Lecture 14 (3/28) [John]: Distributed shortest paths algorithm that also handles negative edge weights: Bellman-Ford.
Intro to max flow: capacitated graphs, definition of flows on graph, and min-cut and max-flow problem statements. Chapter 7 slides.
Reading: Chapter 7.1 - 7.2.

Lecture 15 (3/30) [John]: Max-flow, min-cut. Weak duality. Ford-Fulkerson algorithm via augmenting paths on the residual graph. Proof of max-flow, min-cut theorem. Capacity scaling approach to efficient max-flow implementation.
Reading: Chapter 7.3-7.4.

Lecture 16 (4/4) [Dora]: Applications of max-flow, min-cut. Bipartite matching and the marriage theorem. Disjoint paths. Circulations. Chapter 7 application slides.
Reading: Chapter 7.5-7.7.

Lecture 17 (4/6) [Dora]: Polynomial-time reductions, demonstrating hardness of problems. Problems and reductions: independent set, vertex cover, set cover, 3-SAT. Slides.
Reading: Chapter 8.1-8.2.

Lecture 19 (4/11) [John]: P vs. NP. Definitions and elaboration. Notion of NP-Completeness. Circuit-SAT as "the first" NP-Complete problem. Slides.
Reading: Chapter 8.3-8.4.

Lecture 20 (4/13) [John]: Problem solving: Q17 from Chapter 7. Proving other problems are NP-complete. Circuit-SAT reduction to 3-SAT. 3-SAT reduction to Directed Hamiltonian Cycle. Slides.
Reading: Chapter 8.5-8.8.

Lecture 21 (4/18) [Dora]: More NP-completeness reductions selected from Chapters 8.5 - 8.8: TSP, Subset-Sum.
Local search heuristics (some used in HW #7). We covered a handful of Chapter 12 slides, up through the Metropolis-Hastings method.
Reading: Chapter 12.1-12.2.

Lecture 22 (4/20) [Dora]: Intro to approximation algorithms. The load balancing problem. NP-hardness via reduction from subset sum. List-scheduling algorithm for load balancing to achieve a 2-approx and a 3/2-approx through tighter analysis. Chapter 11 slides, list scheduling demo.
Reading: Chapter 11.1-11.2.

Lecture 23 (4/25) [John]: NP-Complete problem solving: Lecture Planning problem, reductions from 3-SAT and Set Cover. Derived from solved exercise #2 on Chapter 8, pp. 502-4. Back to approximation algorithms: center selection.

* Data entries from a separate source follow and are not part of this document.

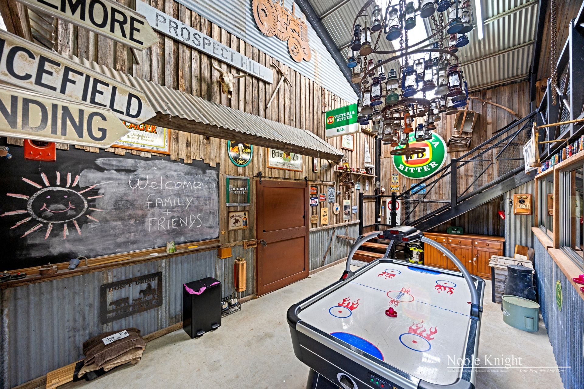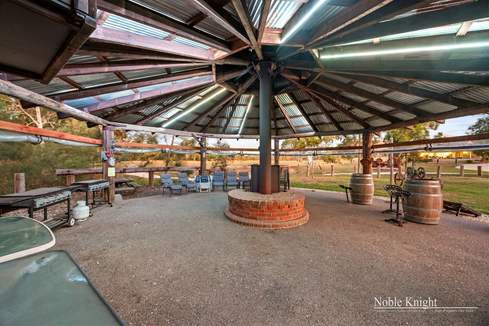 A large workshop and American-style barn provide ample space for equipment, hobbies, or additional storage, while a dedicated function venue complete with a charming rotunda and stage opens the door to functions, events, or community gatherings, all set against a breathtaking rural backdrop.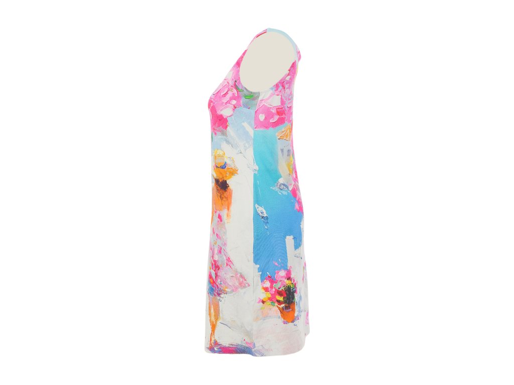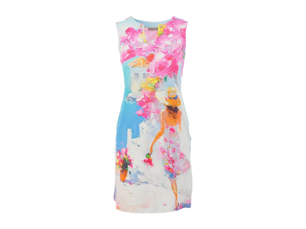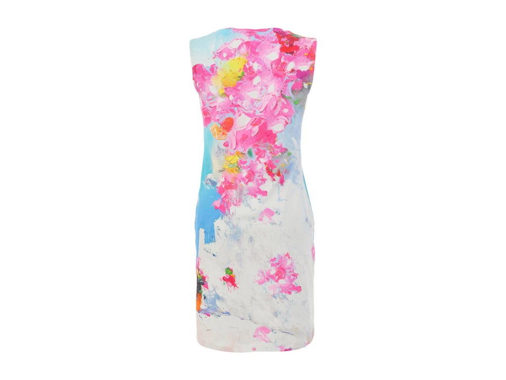 Tyto dámské letní šaty vynikají originálním malovaným motivem v kombinaci svěžích barev, který dodává outfitu výrazný a ženský charakter. Rovný, lehce projmutý střih krásně kopíruje siluetu, aniž by omezoval v pohybu, a je tak ideální jak na dovolenou, tak na běžné letní dny.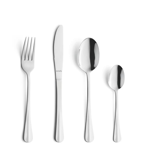 Sada příborů AMEFA Napoli představuje precizní spojení minimalistického designu a funkčního provedení. Vyrobena z nerezové oceli 18/0 s vysoce lesklou „mirror“ povrchovou úpravou, dodává každému dekoračnímu stylu sofistikovaný nádech. Střed rukojeti je decentně zvýšený, což přidává vizuální výraz i lepší pocit při držení. Díky kompletnímu vybavení pro 6 osob (6 nožů, 6 vidliček, 6 lžic, 6 kávových lžiček) máte vše potřebné pro běžné stolování i slavnostní příležitosti — kvalitní materiál, elegantní tvar a nadčasový vzhled zaručují, že sada Napoli obstojí i při náročnějším servírování.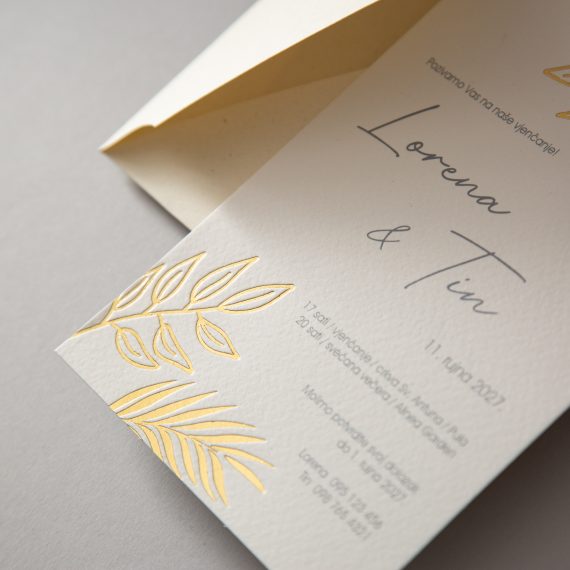Pozivnica se tiska na teksturiranom akvarel papiru debljine 0,5 mm. Tekst je tiskan digitalnim tiskom, a tipski grafički element kliše zlatotiskom. Uz pozivnice isporučuju se kuverte prema izboru. Sve dostupne kuverte možete vidjeti na nature-kuverte.com Kuverte su uključene u cijenu pozivnica. Izrada jedne grafičke pripreme je u cijeni pozivnica kao i jedan dodatni primjer s korekcijama prema potrebi.

Lecture 25 (4/27) [John]: Center selection 2-approximation proof. Poly-time approximation scheme for Knapsack (11.8). Quick discussion of randomized algorithm for global Min-Cut (13.2) -- slides on Piazza.
Reading: Chapter 11.8, 13.2.

Lecture 26 (5/2) [Dora]: Comprehensive course review, focusing on the second half of the course.